A Viacom Employee Panel: Staying Healthy and Positive in the Social Media Age

With the emergence of social media as a source for news, it is little surprise that it has also become a social activism platform. But how do you know which movements are credible? Do you fact check news before believing it? Where exactly is social media taking us?

These were only a few of the many questions discussed at the Activism in Media Panel in honor of Black History Month, organized by The BEAT – Viacom’s employee resource group dedicated to the African-American experience – at the company’s Times Square headquarters.

Kimberly Renee Selden, content producer, educator, and founder of The Global Media Project, moderated this conversation among four influential media voices, each of whom shared a background in media and a common drive to pave the way for others.

The panelists:

Charles Coleman Jr. is a civil rights attorney who established E.D.G.E, a movement focused on inspiring the next generation of leaders and creating more positive examples of manhood for young men.

 

 

 

Eunique Gibson Jones is a content creator, director, and speaker who develops campaigns that ignite conversations and introspection. She also founded Because of Them We Can, a movement that empowers the next generation to honor the legacy of their ancestors.

 

 

Nantasha Williams is a well-respected political strategist, social architect and community engager, who successfully played a role in organizing the enormous 2017 Women’s March.

 

 

 

Steven Roberts is a director of video for MTV News, who helped re-establish the brand’s voice with a new generation of engaged young people.

 

 

 

 


Social Media Activism: The Pros and Cons

Instagram, Facebook, Twitter, or Snapchat have obvious upsides – giving voice to the voiceless, quickly disseminating information, providing optimal platforms for engagement – but the panel also uncovered some of the downsides, including the spread of disinformation, the cultivation of short attention spans, and a lack of true depth from so-called “engagements.”

Gibson Jones elaborated on a real-life consequence of short attention spans: “Last February, I ran a campaign for Because of Them We Can. On February 1 we like to kick it off for Black History Month, but at the same time our video went up, Beyonce announced that she was having twins!”

The lesson: do not underestimate the importance of strategic timing to the success of social media activism.

Viacom employees with the panelists after the Activism in Media panel at 1515 Broadway in New York City in honor of Black History Month. Photo by Natasha Nieves.

The Power of Positive Storytelling on Media

When creating a movement, it is important to stay positive and consistent, to maintain the mission, values, purpose, and story of that movement and keep people engaged and motivated.

“The stories that we tell and how we tell them have a direct impact in terms of our own self- image as well as our images around others,” said Coleman Jr. “Those in the creative process have a tremendous power to shape narratives. My personal goal and what I am currently working on is creating a platform to reconstruct the narrative of young men of color, so that they can see themselves in higher power, and know that their goals are attainable. Positive stories are visualization, and visualizations become reality.”

Coleman Jr.’s remarks invoked a sense of gratefulness within me for my opportunity as an intern at Viacom.

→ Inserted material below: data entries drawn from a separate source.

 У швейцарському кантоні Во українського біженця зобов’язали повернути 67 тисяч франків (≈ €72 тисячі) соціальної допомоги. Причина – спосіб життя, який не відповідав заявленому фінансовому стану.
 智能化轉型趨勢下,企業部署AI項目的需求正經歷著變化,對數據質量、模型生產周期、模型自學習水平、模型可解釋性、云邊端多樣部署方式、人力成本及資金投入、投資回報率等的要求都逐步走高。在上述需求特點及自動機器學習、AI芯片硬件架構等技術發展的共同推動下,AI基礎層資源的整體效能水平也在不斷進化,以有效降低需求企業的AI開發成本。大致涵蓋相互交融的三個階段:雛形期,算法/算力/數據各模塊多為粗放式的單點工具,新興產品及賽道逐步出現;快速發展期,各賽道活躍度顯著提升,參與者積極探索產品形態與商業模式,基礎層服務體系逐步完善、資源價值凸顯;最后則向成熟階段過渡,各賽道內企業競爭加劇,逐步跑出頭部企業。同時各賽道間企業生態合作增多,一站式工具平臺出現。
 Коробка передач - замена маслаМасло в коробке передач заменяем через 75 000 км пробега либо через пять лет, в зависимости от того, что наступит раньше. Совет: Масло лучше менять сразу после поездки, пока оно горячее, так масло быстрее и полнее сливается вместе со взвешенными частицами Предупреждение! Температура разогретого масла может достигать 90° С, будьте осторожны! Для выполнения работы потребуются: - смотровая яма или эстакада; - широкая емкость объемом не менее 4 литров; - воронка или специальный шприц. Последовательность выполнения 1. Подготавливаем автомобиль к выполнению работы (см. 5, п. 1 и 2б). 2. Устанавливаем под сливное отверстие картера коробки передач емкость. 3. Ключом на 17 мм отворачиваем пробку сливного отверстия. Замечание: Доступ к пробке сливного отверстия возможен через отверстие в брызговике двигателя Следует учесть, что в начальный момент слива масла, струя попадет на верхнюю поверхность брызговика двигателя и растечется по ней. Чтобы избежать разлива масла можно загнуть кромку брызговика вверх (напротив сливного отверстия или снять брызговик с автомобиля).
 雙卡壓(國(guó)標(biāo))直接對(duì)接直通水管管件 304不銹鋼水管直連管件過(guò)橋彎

The company sets forth positive stories for all interns and employees and gives us the resources to succeed and to reach higher levels.

Curating a Healthy Media Diet

While positive narratives are essential, they are not always what we get.

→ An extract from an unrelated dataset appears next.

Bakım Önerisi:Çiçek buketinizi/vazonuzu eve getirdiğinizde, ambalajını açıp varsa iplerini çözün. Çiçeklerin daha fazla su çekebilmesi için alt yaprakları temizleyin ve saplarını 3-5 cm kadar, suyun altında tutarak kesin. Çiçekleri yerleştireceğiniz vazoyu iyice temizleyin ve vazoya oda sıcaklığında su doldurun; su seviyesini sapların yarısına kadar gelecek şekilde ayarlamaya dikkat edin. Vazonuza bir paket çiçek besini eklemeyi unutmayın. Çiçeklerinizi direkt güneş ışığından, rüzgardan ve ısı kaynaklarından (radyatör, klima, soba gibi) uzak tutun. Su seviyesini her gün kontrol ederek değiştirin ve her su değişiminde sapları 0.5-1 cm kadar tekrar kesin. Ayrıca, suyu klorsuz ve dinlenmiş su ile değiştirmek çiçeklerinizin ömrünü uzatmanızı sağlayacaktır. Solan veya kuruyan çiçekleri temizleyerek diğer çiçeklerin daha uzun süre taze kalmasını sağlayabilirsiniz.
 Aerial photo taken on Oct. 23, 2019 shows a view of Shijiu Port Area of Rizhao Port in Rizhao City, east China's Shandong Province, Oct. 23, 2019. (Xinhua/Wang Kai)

“With growing technology and access for information, we have to be critical thinkers,” Coleman Jr. said. “The internet is largely unregulated, and there’s no guidance on how to properly consume media.”

To separate the good information from bad, the panelists recommended a few steps to maintaining a healthy media diet: fact check stories across at least three sources, make educated decisions based upon prior knowledge, learn to differentiate between real and fake news, and help children understand the difference between news, commentary and analysis. And, finally, understand that, in most cases, algorithms determine what you see on social media based upon your past activity, so consider your own behavior in surfacing the sort of content you consume.

Viacom employees watch the panelists at the Activism in Media Panel at the company’s Times Square Headquarters. Photo by Natasha Nieves.

Sponsors and being a media activist

As the panel came to its last Q&A question, Corporate Communications intern Tatiana Cadet brought up a question about the dynamic between influencer-activists and their corporate partners:

“When you’re working with brands and corporations and you start your own movement and allow your social media to be the way you want it to be, do you feel like those brands you’re working with then have a responsibility too in terms of activism in media? And do you think it’s possible to be involved with your own movements when working with corporations gets involved?”

The panelists urged caution in choosing your collaborators in order to avoid conflict later on. “I haven’t accepted to work with every brand that has reached out to me – I have one major sponsor because we align on values and messages,” said Gibson Jones. “I know they get what my purpose is and I feel confident working with them. If you’re working with a brand where values don’t align, it becomes hard to post on media and it isn’t as natural because of the fear of severing ties.”